Bergman had tread into this realm with PERSONA (1966) and HOUR OF THE WOLF (1968), but no one before or since took it as deep and clear-eyed druggy as PERFORMANCE. And with his masterfully intuitive editing strategy Roeg created all sorts of audio-visual allusion strategies he'd incorporate into the rest of his body of work, including the mixture of miniatures with full size people, disguises, cameras, light sources, mirrors, and the use of recurring authors via books left lying around and author photos (like the famous Borges head shot). As for the persona meltdown, Bergman approached it from a more Nordically removed, intellectual angle while Cammell and Co. plunged headfirst into the madness, and never fully returned from the void they found: Fox, they say, took years to recover; Breton never made another film; Cammell's career was never to be the same - throwing him a kind of early curve ball thanks to the studio shelving the film for so long it lost its buzz; Mick was traumatized by the experience and it warped his relationship with the most important person in his life, his true 'spouse,' Keith, etc. Only Roeg's career would take off, as if winning the big hand at poker. For now he had a director credit and could get into the union. The rest is history - Roeg would show time and again the ability to circumnavigate the void without plunging so far in he couldn't get out by the roll of the credits (sometimes he just barely made it out before the final bell, as in DON'T LOOK NOW).

Life goes on, and death goes often. From 1986-89, I lived a very Cammell-Jagger style life, tripping with my college hippie bandmates.
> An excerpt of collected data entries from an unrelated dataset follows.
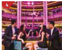
4 Bar 360 Catch live music and aerial acrobatic performances with a glass of champagne.
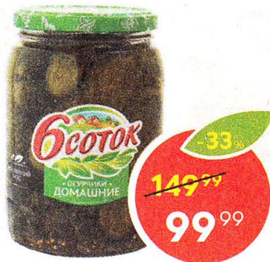
Огурцы домашние, 6 Соток, 720 мл
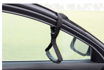
Sangle sortie véhicule
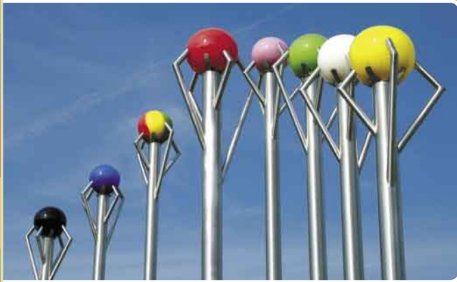
↓ REGENBOGEN Oswald Faber
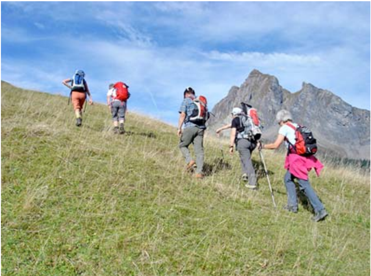
Bergwanderung Oberschan — Gonzen — Sargans
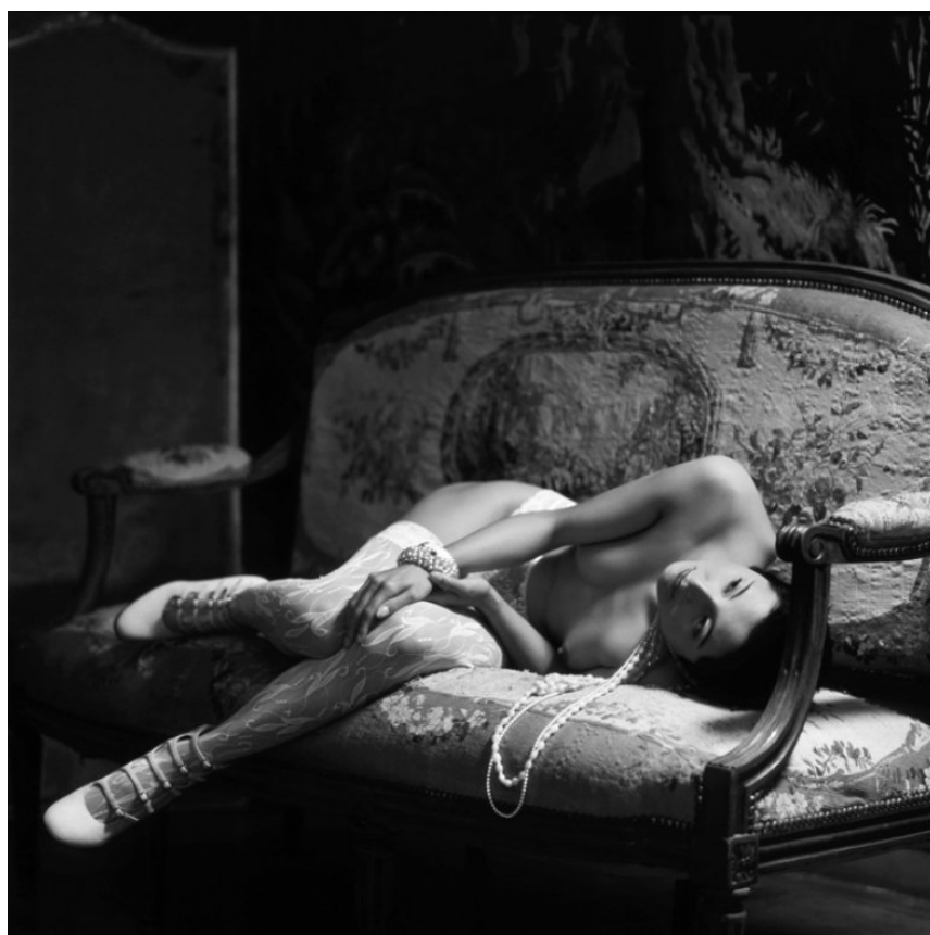
petali d'oriente edition of 5 90 x 90 cm canson fine art infinity platine fibre rag

Sei un artista a 360° gradi, ti piace sperimentare, studiare ed esprimerti in numerosi settori. Hai lavorato anche per importanti testate e riviste. Qualche servizio che descriva il tuo stile?
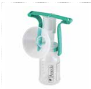
Einhandpumpe mit Flexishield™
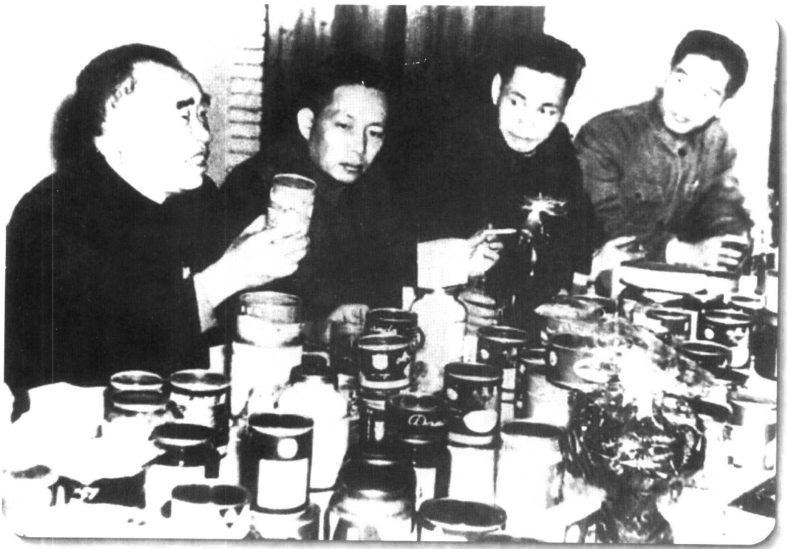
▼ 1958年4月6日，中共中央副主席朱德到上海益民食品一厂视察。
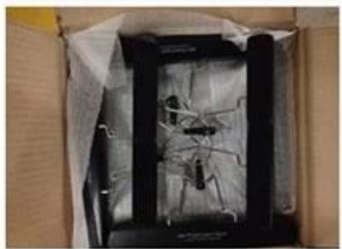
extension hair hanger
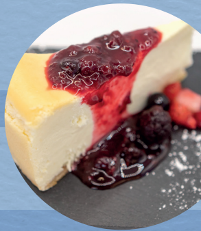
Cheesecake / 6,00€
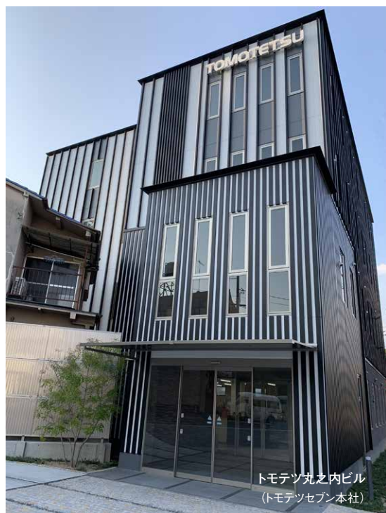
トモテツ丸之内ビル (トモテツセブン本社)
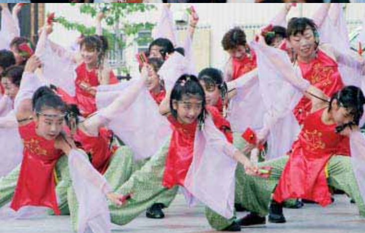
きらびやかな衣装に身を包んだよさこいチーム
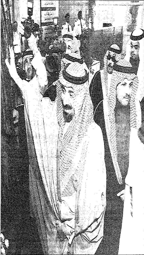
وزير المعارف عن الوحدة التذكارية
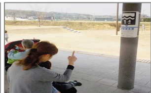
公園の休憩所に設置した まるまちHM
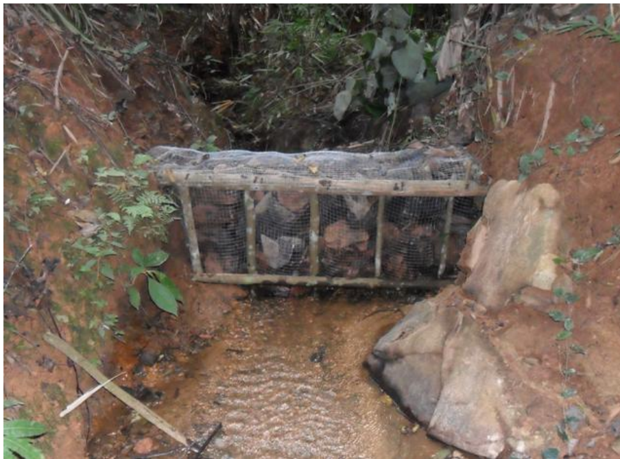
จัดทำฝายต้นน้ำแบบผสมผสาน จำนวน 120 แห่ง
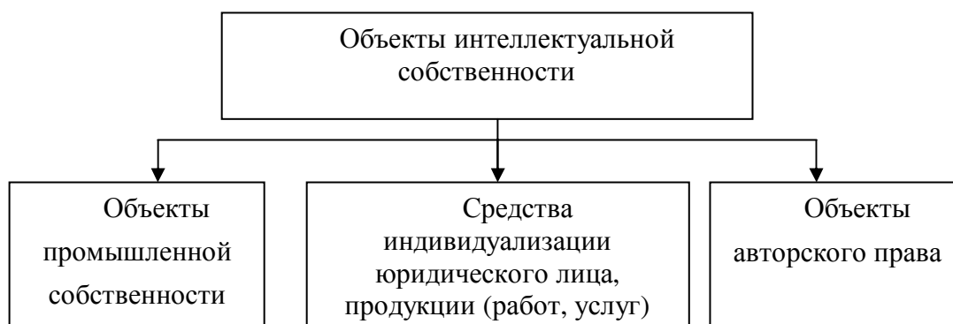
Рисунок 1 – Группировка объектов интеллектуальной собственности

Пример - В соответствии с рисунком 1 объекты интеллектуальной собственности представлены тремя группами.
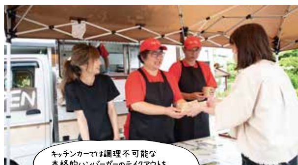
キッチンカーでは調理不可能な本格的ハンバーガーのテイクアウトをCafe'Villageで開始予定です(7月頃)
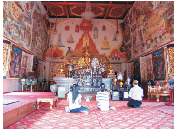
Wat Intharawihan Tapınağı'nda dua edenler (2008)

Tapınakta başrahip olan Phra Puttachedan'ın bir görüntüsü, tapınakta yeni inşa edilen ayrı bir odada muhafaza ediliyor. Resim balmumundan yapılmıştır ve bir su kaynağının üzerine yerleştirilmiştir. Tayland'ın çeşitli bölgelerinden toplanan sular, hazne içindeki raflara yerleştirilen kaplarda muhafaza ediliyor. Balmumu görüntüsünün korunması için klima
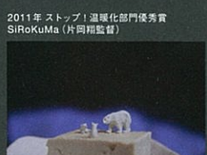
2011年 ストップ!温暖化部門優秀賞 SiRoKuMa (片岡剛監督)
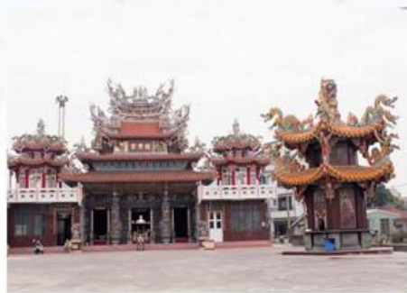
圖7-1-44 新吉村保安宮外觀

新吉村保安宮主祀周府千歲，同祀巫府千歲、代天巡狩、中壇元帥、宋府元帥、福德正神、註生娘娘、虎爺、阿彌陀佛等神祇，為新吉村的庄廟，村民的信仰中心。此外，本廟依俗安置五營，正殿神案設置五營旗式的內五營，廟埕及四境則安置竹符式的外五營。
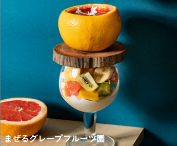
まぜるグレープフルーツ園
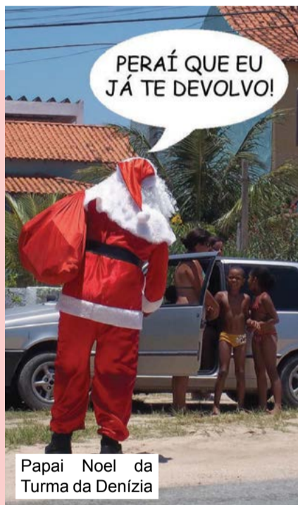
Papai Noel da Turma da Denízia
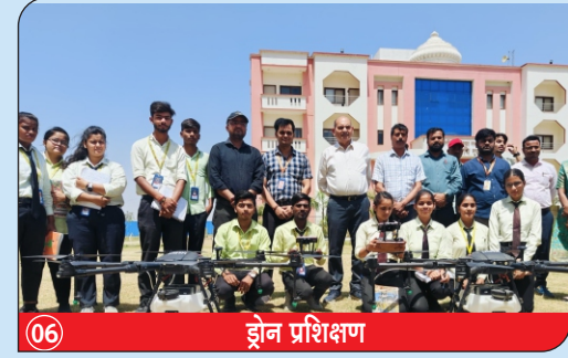
06 ड्रोन प्रशिक्षण
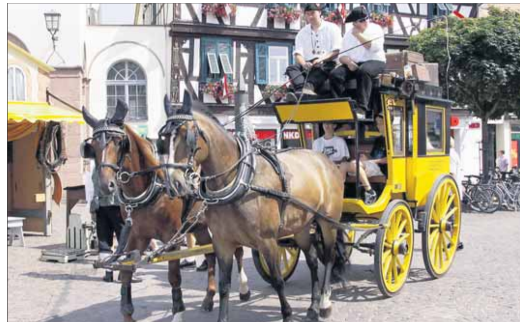
Stilvolle Stadtrundfahrten in dieser historischen Postkutsche aus dem Heimatbund-Fundus gehörten zu den stark nachgefragten Attraktionen beim „Fest der Zünfte“.

hell“ der Privatbrauerei Glaab lockten viele Genießer in die Einhardstadt. Untermalt wurde das Ganze an vielen Stellen von Live Musik, die bis spät in den Abend zur Unterhaltung der Besucher beitrug. Die Seligenstädter Jagdhornbläser hatten sich eigens eine fahrbare Festgarnitur auf einem Leiterwägelchen gewerkelt und zogen unterstützt mit Trommel und Pauke von Hof zu Hof und ließen ihre Jagdhörner erklingen. Die Fanfarenbläser der TGS waren an vielen Stellen in der Stadt mit ihrem klangvollen Auftritt zu hören. Auf dem Marktplatz standen zwei Kutschen für Fahrten zur Verfügung, eine offene Reisegesellschaftskutsche mit Stadtführung. ● Seite 2
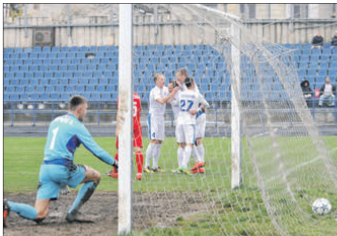
І знову м'яч у воротах лучан: таке у 22 матчах Першої ліги траплялося вже 36 разів.

We knew of this film and loved Jack Nitzsche's score (a roommate had the LP) long before it appeared, finally, on VHS. The soundtrack is worth getting on CD even if you also get the DVD, which--even if you're not an ex-rock star-turned robe-wearing drug-taking recluse like some of us-- you must own. For PERFORMANCE is a kind of endlessly fascinating artifact from a looser time, when what would count as certifiable insanity today was just wordplay and mind-melding. Ahead of its time in every way as well as behind it, PERFORMANCE even contains what may be the first MTV-ready video (non-Scopitone): "Memo from Turner." In that photo below you can see how Jagger taps the vein of homoerotic sadism that runs under the "chip chip cheerio" surface of British Imperialism and then trickles down to the Harry Flowers underclasses. It would make a damned good triple bill with DELIVERANCE and GUNGA DIN! Cheers!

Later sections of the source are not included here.